3. Engage in Rigorous Debate
An important key to better decision making is to encourage a
rigorous debate of the issue at hand. Good managers recognize that
constructive conflict based on divergent points of view can bring a
problem into focus, clarify people’s ideas, stimulate creative, and
improve limit the role of bias, create a broader understanding of
issues and alternatives, and improve decision quality.
4. Avoid Groupthink
It is important for managers to remember that some disagreement
and conflict is much healthier than blind agreement. Pressures for
the conformity exist in almost any group, and particularly when
people in a group like one another, they tend to avoid anything that
might create disharmony.

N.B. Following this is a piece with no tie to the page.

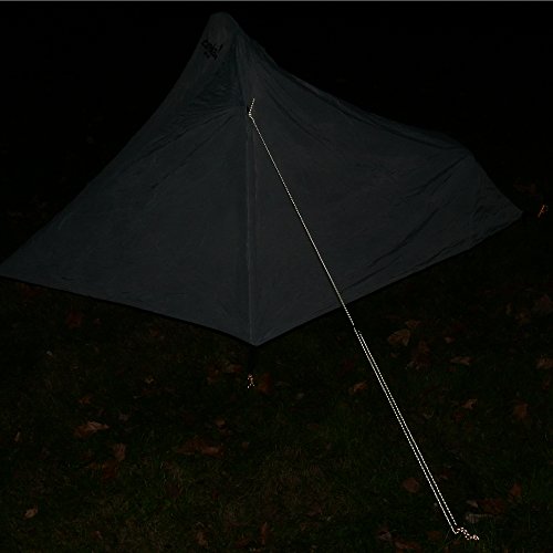 DUAL REFLECTIVE STRIP – This highly reflective strip is woven into the outer surface of the rope in both directions to ensure the highest nighttime visibility possible. You'll never trip over a guyline at night again.

Groupthink refers to the tendency of
people in groups to suppress contrary opinions. 75 When people slip
into groupthink, the desire for harmony out weighs concerns over
decision quality. Group members emphasize maintaining unity rather
than realistically challenging problems and alternatives. People
censor their personal opnions and are reluctant to criticize the
opinions of others.
5. Know When to Bail
In a fast-paced environment, good managers encourage
risk taking and learning from mistakes, but they also
aren’t hesitant to pull the plug on something that isn’t
working.
6. Do a Postmortem
To improve decision making, managers need to reflect and
learn from every decision they make. When people review
the results of their decisions, they learn valuable lessons
about how to do things better in the future.